冬の備忘

2005年12月27日
12月27日の読書メモ。

内田樹の『知に働けば蔵が建つ』をようやく読了。

ウチダ先生を薦めてくれたのは他ならぬマイ・ラヴァーだが、別に彼に忠義立てするわけじゃなく、「この人の言うことには納得できるなあ。」と、読み進めている段階でも思ったし、読んだ後も思っている。最近にしては珍しく、言説に信頼感を置ける大人だと思う(小娘が何を言うかって感じ?)。

つまり、図で示すと、「私→マイ・ラヴァー→ウチダ先生」ってな具合だ。この場合の矢印はリスペクト&共感のベクトルだが、便宜上、一方通行にせざるを得ない(なぜなら、ウチダ先生は、私のこともマイ・ラヴァーのこともおそらくってか絶対知らないので、逆向きはあり得ないのだ)。が、私は、このベクトルがたぶん相互通行の可能性を秘めたものに違いない、と勝手かつ図々しくも思っている。

かねがね不思議に思っていたのだが。

たとえば、サッカーの試合中に雷撃を受けた生徒と親が教師(監督)に責任を追及したり、または階段で滑った児童の親が滑るような階段を放置しておいた学校側に文句をつけたり、という一連の「責任追及」の姿勢にウチダセンセが「?」と思ったように、私も「?」と思うし、おそらくマイ・ラヴァーも「?」と思うんじゃないかな。

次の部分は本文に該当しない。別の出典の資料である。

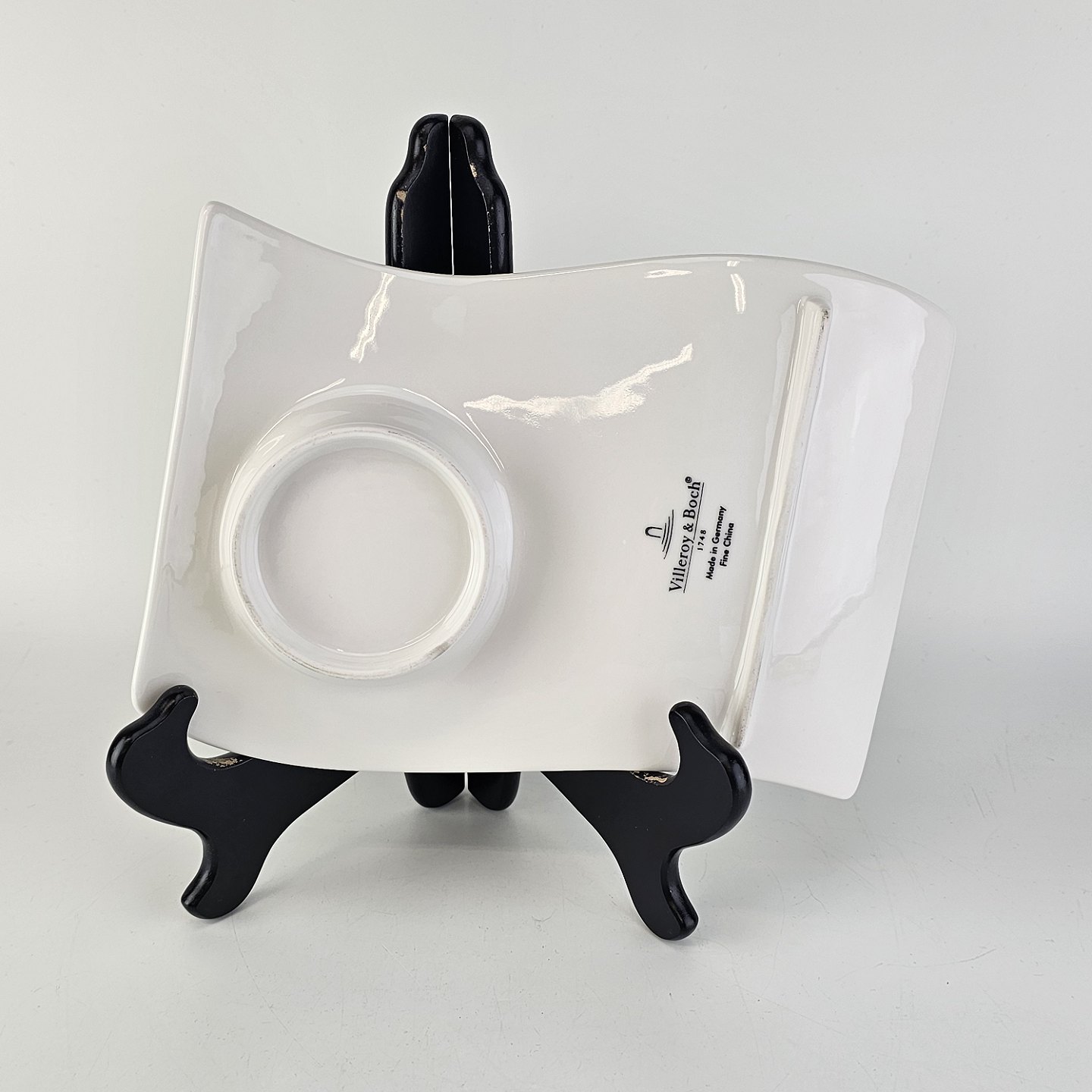 Stellet er i hvidt porcelæn med en buet form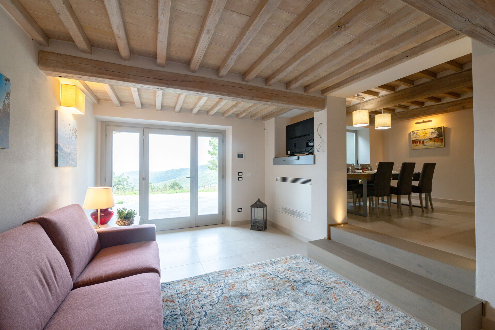 Woonkamer: tweepersoons-slaapbank, WIFI internet, airconditioning, hor, uitgang naar de tuin, uitgang naar de veranda.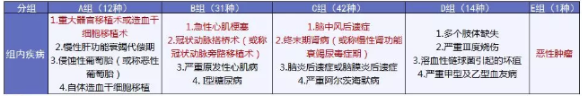 表格中標紅的6種疾病為比較高發(fā)的重疾,從分組上來看,算是比較合理的。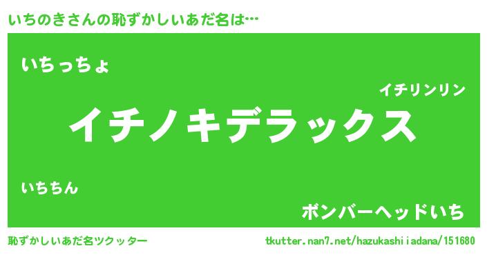 | 意味不明あだ名 | 『自称いちのき』『いちのきフォーエバー』 |
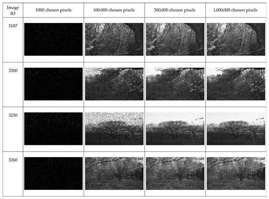 Figure 4 presents four example image reconstructions (rows) obtained with varying numbers of analyzed samples (columns). For 1000 samples, individual reconstructed pixels are visible against the original background, which appears as an artifact resulting from the initialization (zeroing) of the reconstruction array. In subsequent iterations, the images exhibit progressively improved quality, with a decreasing number of artifacts caused by blocks lacking pixel information. These artifacts can either be filtered out or allowed to disappear naturally as more samples are acquired, assuming the sampling process is continuous and the number of samples increases over time.
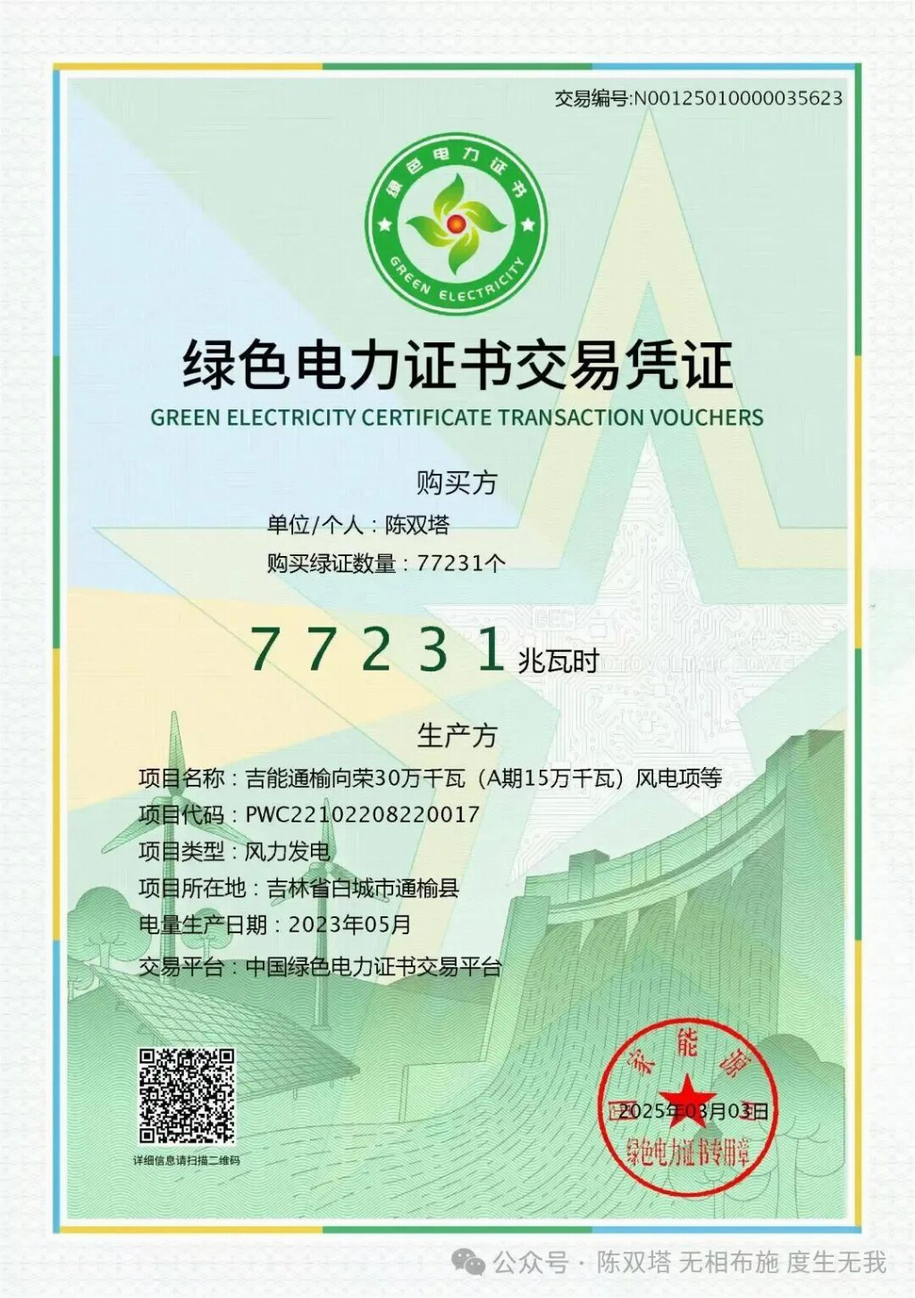 陈双塔绿电(绿证)消费629.19万张,绿色电力62.919亿度清洁能源

そういう多くの「?」を抱えたまま私は生きているのだけど、不思議なことに、当の「?」的行動をしている人にはあまり会ったことが無い。小泉首相がメディアでは散々叩かれているのに、いざ支持率を出せば「支持層」を発見できるのと似ている。「俺は小泉を断固支持するー!」という人が周りにはほとんどいないのに、選挙の結果、彼は確固たる地位を築けているのよね。不思議。

「価値観が似ている」って簡単に皆言っちゃうけど、私が気づいたのは、「私はスパゲッティが好き!」と言えば、多くのスパゲッティ好きが集まるから、たぶんそういうプラス姿勢の意見だけでは、本当のところの価値観を計測できない。そうじゃなくて、当然のようにフォークでスパゲッティを食べているときに、隣で箸を使いながらそばのようにスパゲッティを食べ始めた人が現れたとき、「?」と思うのだろう。つまり、自分の中ではすっかり当たり前になっている部分が根本的に違う人への「?」。それはしばしばマイナス要素を孕む。

「これがイイ!」じゃなくて、「これはナシだろう…。」という部分が一致している人を、話し相手として選ぶ傾向が、私にはある。厄介なのは、私とマイ・ラヴァーの「これはナシだろう…。」という部分はまあまあ一致している(た、たぶんな。)のに、すっかりそれに慣れてしまうと、それこそスパゲッティを食べるときのフォークの角度、とかで言い争いを始めてしまうのだろうな、と。そんな、そもそも、箸で食べてないだけマシじゃないの、ってことに気づかなくてはいかん。

つまり、人と人が惹かれ合うときは、「おっ、キミもスパゲッティはフォークかい?」「やん、アナタもそうなんですかっ?」って感覚がたぶん大事だけど、それ以降も、そもそも箸じゃないフォーク感覚を共有してることを尊いと思う気持ちを、忘れてはいけないのだろう。(さっきからスパゲッティを例としてるけど、ほんとあくまで例だよ?)

「でもさー、なんだかんだでみんなスパゲッティはフォークだよ?」という意見があるのもごもっともだが、実は、私はスパゲッティを箸で食べるような人とかなり長い時間一緒にいたことがあり、試しに私も箸を使ってみるなど、努力っぽいことをしたこともあるのだ。が、たしかに人と人は異なる部分を摺り合わせて生きていけるけれど、それによって生じるストレスがあり、いざというとき、リスキーな埋められない溝として存在感を増す。と、思う。

ウチダセンセを「イイなあ。」と思っているはずのマイ・ラヴァーに薦められ、同著を手に取り、私も「イイなあ。」と思ったことは、箸はナシよね、っていう部分を改めて認識し合った(し合ったっていうか、私が一方的に笑)という点で、大きい。というわけで、別にフォークの角度にケチをつけなくてもいっか、という、なんだか優しい気持ちになったわけだ。

ただ、「現代においては「内輪」における親密感、一体感が過剰になると同時に「外側」に対する排他性・暴力性も過剰になっている。」とウチダセンセが指摘する通り、こういったフォーク感を共有できることをただ喜んでいるだけでは「他者」への想像力が枯渇する一方なので、気をつけなきゃいけないのだろう。

ノロケっぽくなりつつも(読書メモじゃなかったのか)、最後はイイ感じで終わらせてみた。